Emergence refers to the appearance of patterns of organization and is one of the key concepts of complexity and a-life.It is sometimes referred to as a situation where the whole is greater than the sum of the parts, because it cannot be analyzed by taking the parts apart and examining them separately. One reason for this is that in a complex phenomenon showing emergent properties, the parts become a determining context for each other, and these patterns of feedback contribute to the appearance of the emergent phenomenon. For Michael Polanyi, " Evolution can be understood only as a feat of emergence."
For Goethe, the living whole was also more than the sum of its parts."Das Lebendige ist zwar in Elemente zerlegt, aber man kann es aus diesen nicht wieder zusammenstellen und beleben." Goethe, quoted in d'Arcy Thompson, On Growth and Form. (p.41) But for most contemporary scientists, Goethe's meaning of emergence was a mystical one. For Francis Crick, the scientific meaning of emergent assumes that while the whole can not be the simple sum of the separate parts, its behavior can, at least in principle, be understood from the nature and behavior of its parts plus the knowledge of how all these parts interact. (The Astonishing Hypothesis, p.11) (assuming it's possible to have that Laplacian knowledge)
Stuart Kauffman suggests that many properties of organisms may be probable emergent collective properties of their constituents. (This is precisely Kant's definition of the organic -- as the result of internal interactions instead of an assembly of preexisting parts.(see Mechanism / Vitalism ) "The problem of origins requires an understanding of how new levels of order emerge from complex patterns of interactions and what the properties of these emergent structures are in terms of their robustness to perturbation and their capacities for self-maintenance" (Brian Goodwin, How the Leopard Changed its Spots, p. 181.)
Luc Steels offers useful definitions of emergence in Artificial Life 1/2. He distinguishes between first order emergence, defined as a property not explicitly programmed in, and second-order emergence, defined as an emergent behavior that adds additional functionality in the system. In general a-life researchers try to create second-order emergence, for then the system can use its own emergent properties to create an upward spiral of continuing evolution and emergent behaviors.
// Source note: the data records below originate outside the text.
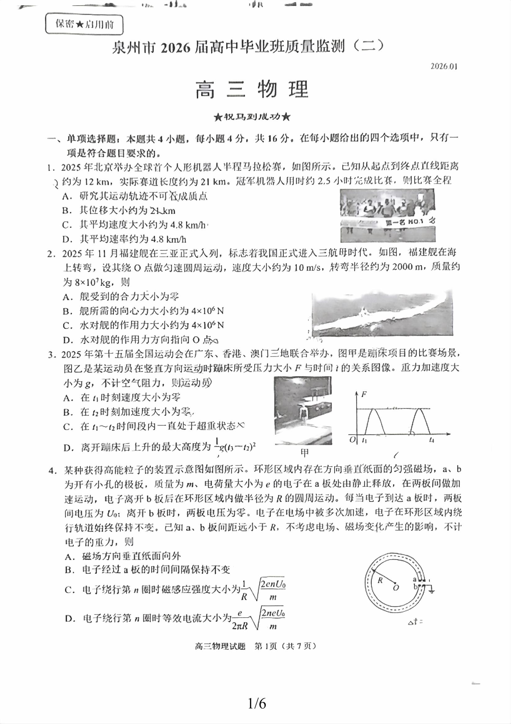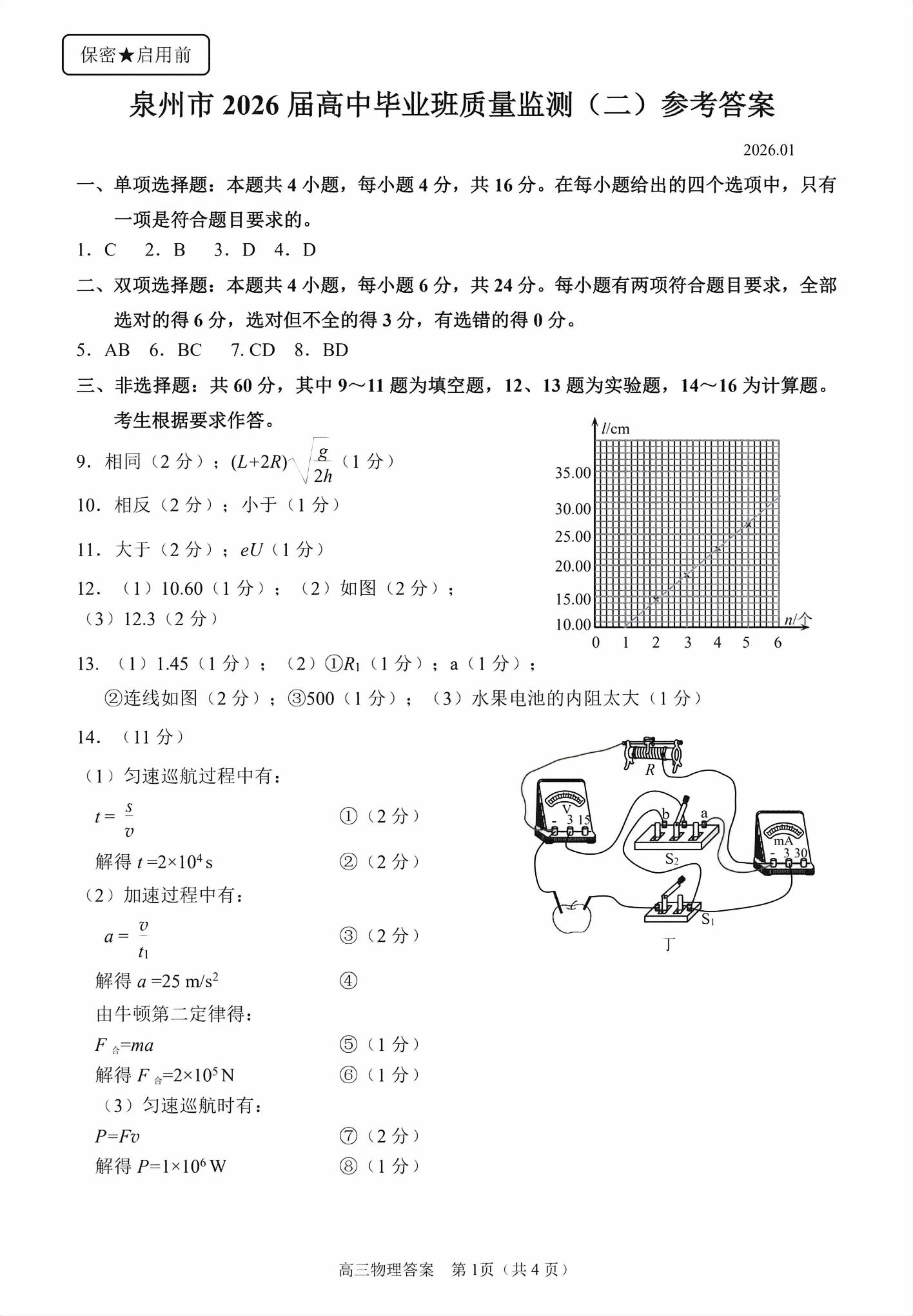 【已更新】2026泉州二检试题及答案(物理)
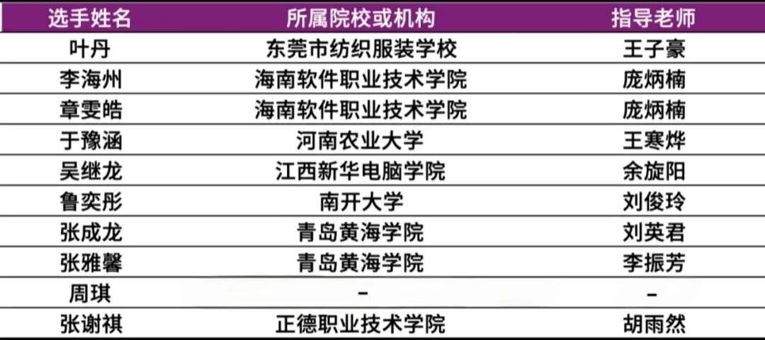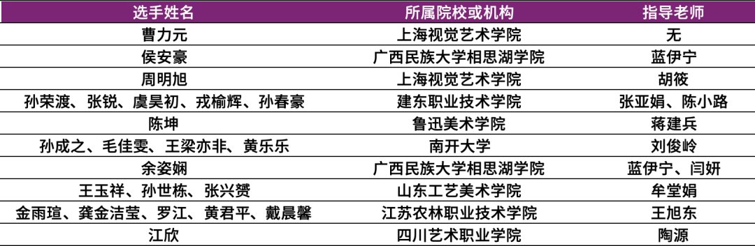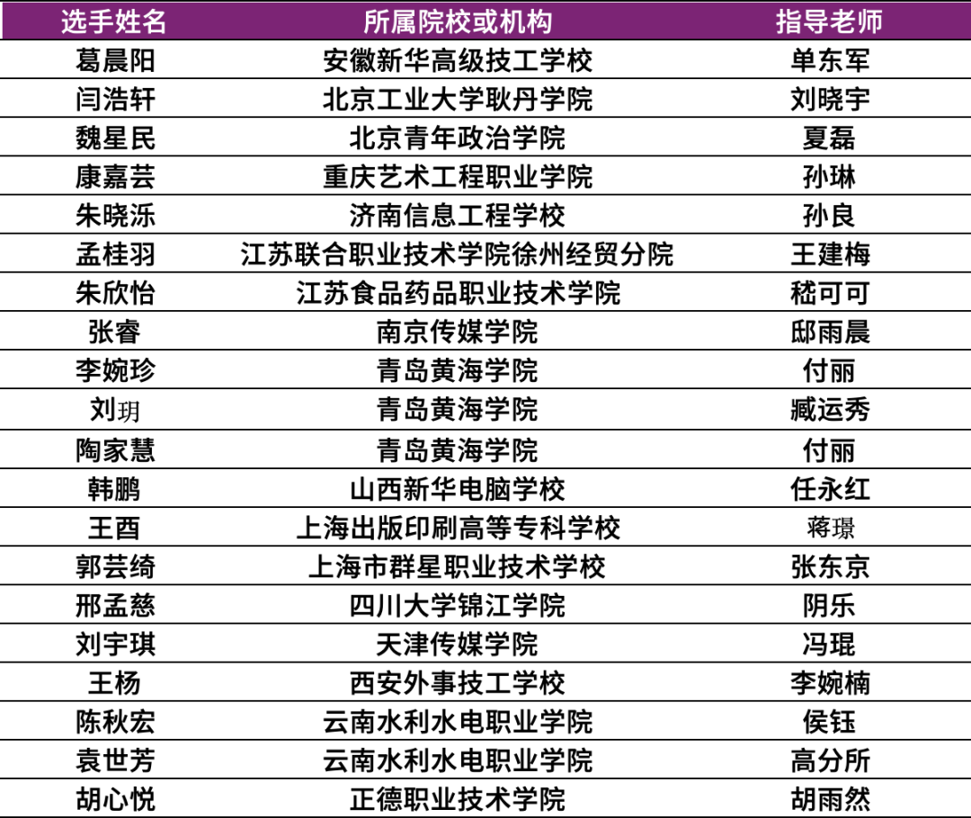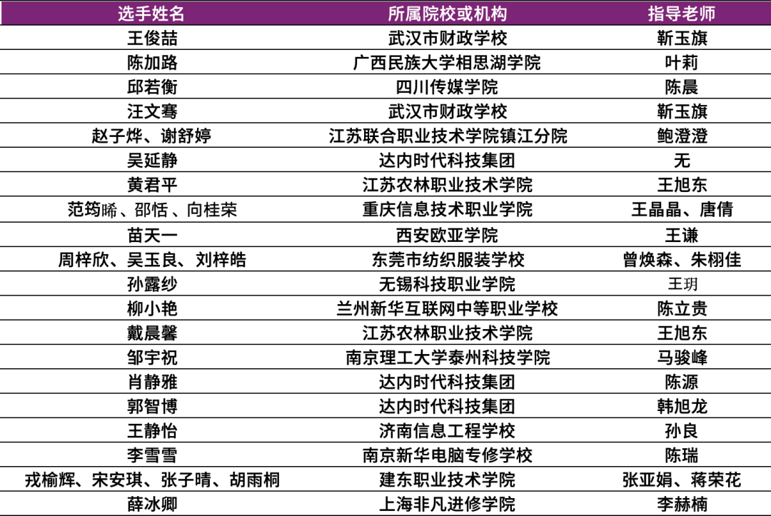 获奖名单如下:(名单以选手姓氏首字母升序排列,排名不分先后)。
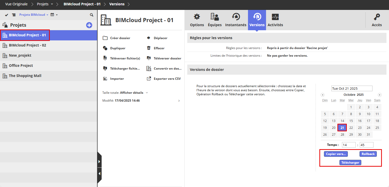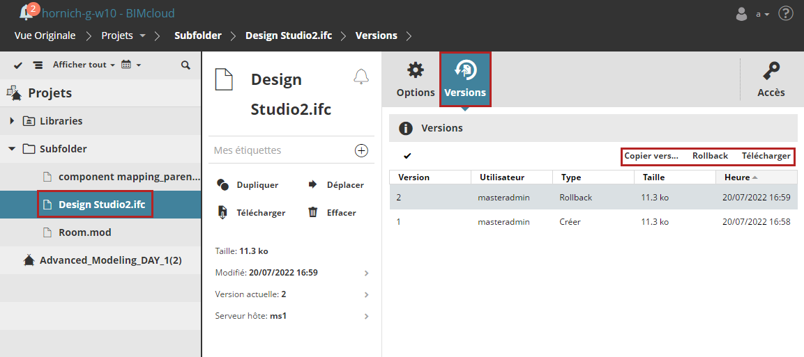 Mémoriser et retrouver les versions précédentes des fichiers sur BIMcloud

for a critique of emergence, see Peter Cariani, "adaptivity and Emergence in Organisms and Devices, "World Fudtures 32 (1991):111-32.
C. Lloyd Morgan's descriptions of emergence as a qualitative change in direction closely resemble the definitions of bifurcations. In his Emergent Evolution, of 1923, he writes, "The emergent step, although it may seem more or less saltatory, is best regarded as a qualitative change of direction, or critical turning-point, in the course of events."
Daniel Stern describes the infant's sense of self between birth and two months as the "emergent self." (see subject ) . It is a sense of the coming-into-being of organization and remains active for the rest of life. But it is not an overarching integrating schema about the self, but rather an experience of process. (cf molar / molecular )
In Gestalt perception terms, emergence refers to our ability to perceive forms that cannot be reduced to the addition of the "atomic" parts of a pattern. Eg superimposing two squares diagonally displaced allows for readings of an emergent square at their overlap, two emergent L-shapes in the non-intersecting area, in addition to the two squares. (cf. figure / ground)
A fundamental property of open systems is that they stablize any improbability which serves to elicit them.